HydraSolve™ Lipoplasty System

Legally Marketed Devices: Phaser Lipoplasty System (K092066)

Device Description:

Indications for Use:

The HydraSolve™ Lipoplasty System is intended to be used for liquefaction and aspiration of localized subcutaneous fatty deposits for the purpose of aesthetic body contouring.

The HydraSolve™ Lipoplasty System is indicated for use in aesthetic body contouring.

Summary of testing to demonstrate safety and effectiveness

Non-clinical test data was used to support the decision of safety and effectiveness. Clinical testing was not necessary. Non-clinical testing consisted of performance testing of the new cannulae design.

Conclusion

The information provided in this submission demonstrates that the device is substantially equivalent to the predicate devices.

Regulation Number and Section

§ 878.5040 Suction lipoplasty system.

(a)
Identification.
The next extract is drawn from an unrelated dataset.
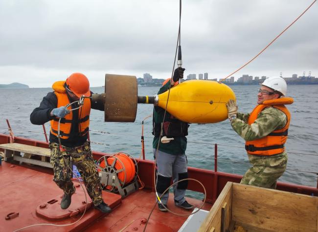 ТОИ ДВО РАН продолжил обследование бухты Золотой Рог по заданию Министерства природных ресурсов и экологии России. За последнюю неделю была выполнена комплексная геофизическая съемка дна бухты с высоким пространственным разрешением, которая включала работы с буксируемыми сейсмопрофилографом и магнитометром, а также детальный эхолотный промер. Это позволит обнаружить затопленные металлические объекты, а также иные предметы, представляющие очаги экологического ущерба, даже скрытые под слоем ила.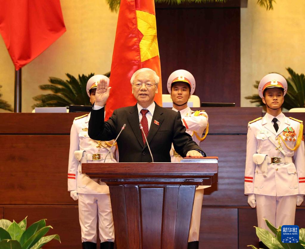 这是2018年10月23日,在越南首都河内,阮富仲(前)当选新一任越南国家主席后宣誓就职的资料照片。

A suction lipoplasty system is a device intended for aesthetic body contouring. The device consists of a powered suction pump (containing a microbial filter on the exhaust and a microbial in-line filter in the connecting tubing between the collection bottle and the safety trap), collection bottle, cannula, and connecting tube. The microbial filters, tubing, collection bottle, and cannula must be capable of being changed between patients. The powered suction pump has a motor with a minimum of1/3 horsepower, a variable vacuum range from 0 to 29.9 inches of mercury, vacuum control valves to regulate the vacuum with accompanying vacuum gauges, a single or double rotary vane (with or without oil), a single or double diaphragm, a single or double piston, and a safety trap.(b)
Classification. Class II (special controls). Consensus standards and labeling restrictions.